= Bernhard VI of Anhalt-Bernburg =

German prince

Bernhard VI, Prince of Anhalt-Bernburg (died 2 February 1468) was a German prince of the House of Ascania and ruler of the Principality of Anhalt-Bernburg.

He was the eldest son of Otto III, Prince of Anhalt-Bernburg, by his first unknown wife.

==Life==
He succeeded his cousin Bernhard V in the principality of Anhalt-Bernburg when he died in 1420, after being bypassed sixteen years earlier by him and his own younger brother Otto IV. Alongside his princely title, he also maintained the style Lord of Bernburg.

==Marriage and issue==
On 21 October 1419 Bernhard married Matilda (died 1432), daughter of Protze of Querfurt-Burgscheidungen. They had two children:
1. Otto (died 1437)
2. Matilda (died 1443), married to Sigismund II, Prince of Anhalt-Dessau.
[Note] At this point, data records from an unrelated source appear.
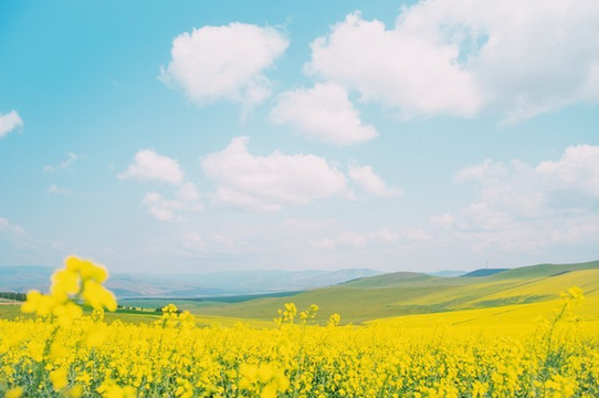 穿越了大草原,车子驶入了高速公路,路两边的油菜花开的正好,金黄色的连绵不断,爸爸说在这样的路上开车心情都会舒畅很多。
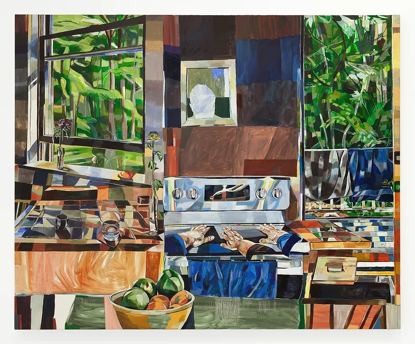 An exception to the absent figure is Forever Suspended in a Doorway (Self Portrait), in which a schematic self-portrait, reflected in a mirror, appears in the center panel even as its ghostly or provisional quality also suggests absence. Just underneath it is another fragmentary figurative element, the curious image of three hands resting on a stove top. Below this is what appears to be a dishtowel hanging on an oven handle, though it might also be the cropped midsection of a partial figure, dressed in jeans similar in color to the blues on the shirt cuffs just above it. If so, this spectral figure, standing at the stove, would align perfectly with the portrait in the mirror, completing this fragmentary apparition subtly but convincingly.
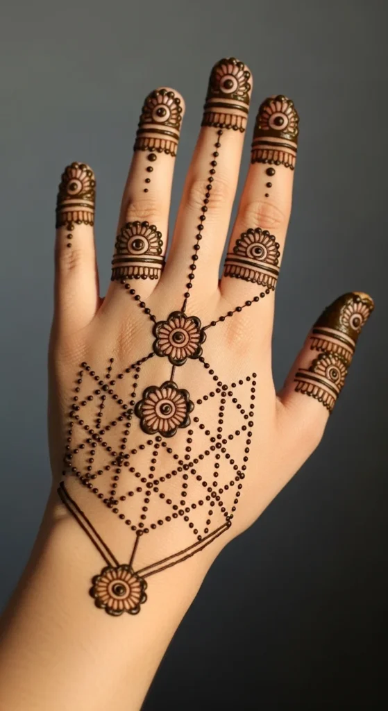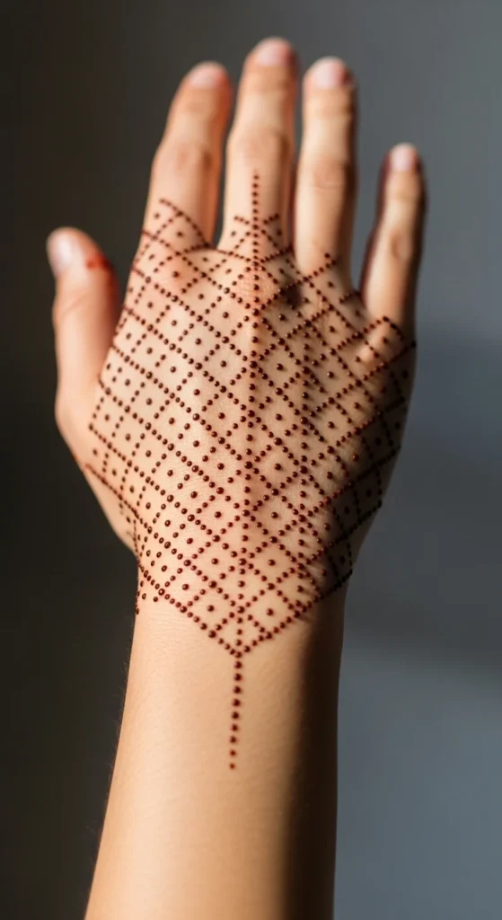 Dot grids are one of the easiest mehndi styles. They require patience more than drawing skill.
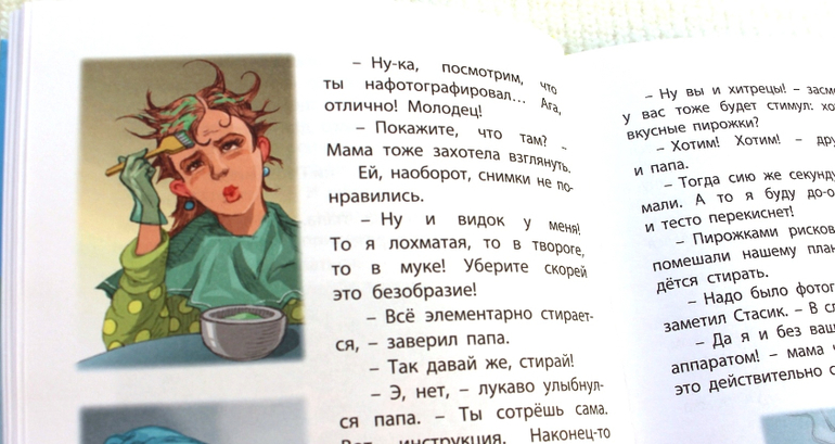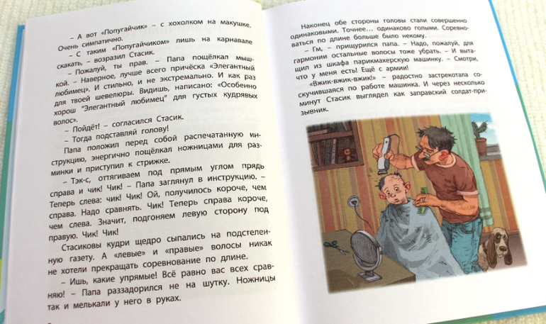 Рассказы в ней подобраны очень добрые и полезные. ))) Мальчишки и девчонки не просто играют, учатся и веселятся. Они помогают родителям, просто окружающим людям, даже полицейским. Или вот, например, родные не просто дарят дедушке мобильный телефон, к концу рассказа они сами понимают, что толку нет от подарка, если они сами не будут звонить дедушке и говорить, как любят его. В некоторых рассказах ребята делают открытия вместе с родителями: например «семь раз отмерь, один раз отрежь» и лучше сначала выучиться, прежде чем за подстрижку браться.
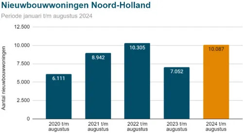 Dit jaar zijn er in onze provincie 338 woningen per 100.000 inwoners bijgekomen. Vorig jaar waren dat er in dezelfde periode nog 301. De toename komt vooral door het aantal nieuwbouwwoningen. Dit jaar zijn er 339 nieuwbouwwoningen per 100.000 inwoners bijgekomen, terwijl dat er vorig jaar nog 239 waren. Hiermee ligt de toename van de woningvoorraad in Noord-Holland 39 procent boven het Nederlandse gemiddelde van 243 woningen per 100.000 inwoners.
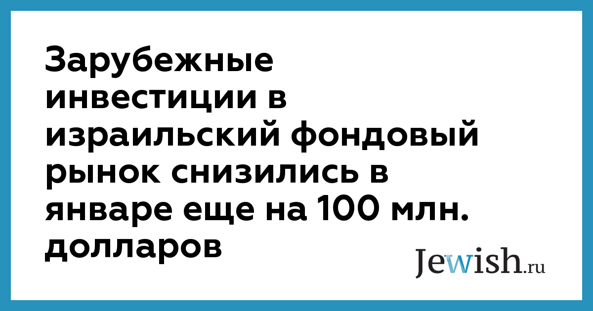 Зарубежные инвестиции в израильский фондовый рынок снизились в январе еще на 100 млн. долларов
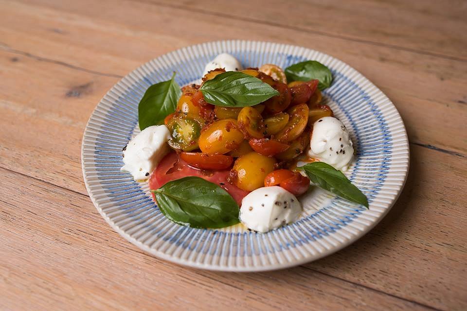Is there anything more quintessential summer, or Italian that a Caprese Salad. Soft, high quality buffalo mozzarella cheese, yellow and red assorted tomatoes, a good grind of course cracked pepper and olive oil. A hint of sundried tomato pesto weaves its way through the salad bringing a deep richness to what is otherwise very refreshing.

On 11 March 1434 Bernhard married a second time to Hedwig (born ca. 1410 – d. Bernburg, 14 May 1497), daughter of Duke Jan I of Żagań. This union was childless.

Bernhard's only son predeceased him. As the last male in his line, the first branch of the house of Anhalt-Bernburg became extinct. His kinsman George I, Prince of Anhalt-Dessau, inherited his lands.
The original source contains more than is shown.